Idridgehay railway station is an intermediate station on the former Midland Railway branch line to the town of Wirksworth in Derbyshire. The line is off the Midland Main Line at .  The line has been reopened as the Ecclesbourne Valley Railway and Idridgehay station was reopened on 8 March 2008.

History

Opened with other stations on the branch line to Wirksworth on 1 October 1867, it was designed by the Midland Railway company architect John Holloway Sanders.
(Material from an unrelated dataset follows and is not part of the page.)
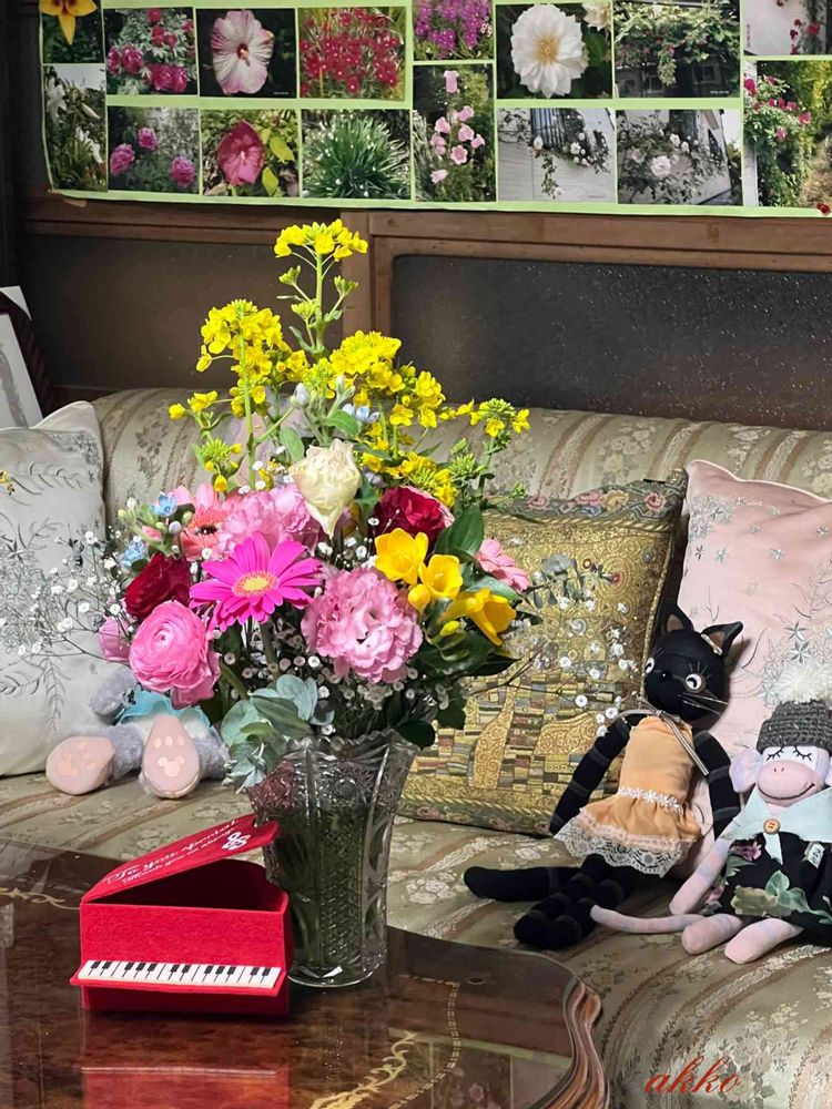 部屋,菜の花,最近いただいたグッズと花束の投稿画像

Idridgehay remained open until 16 June 1947, when the Wirksworth branch passenger service was withdrawn on a temporary basis in response to postwar fuel shortages.  This was made permanent with effect from May 1949, when the line was removed from the summer timetable.  Freight facilities remained rail-served until 2 March 1964, while the branch continued to be used for mineral traffic until December 1989.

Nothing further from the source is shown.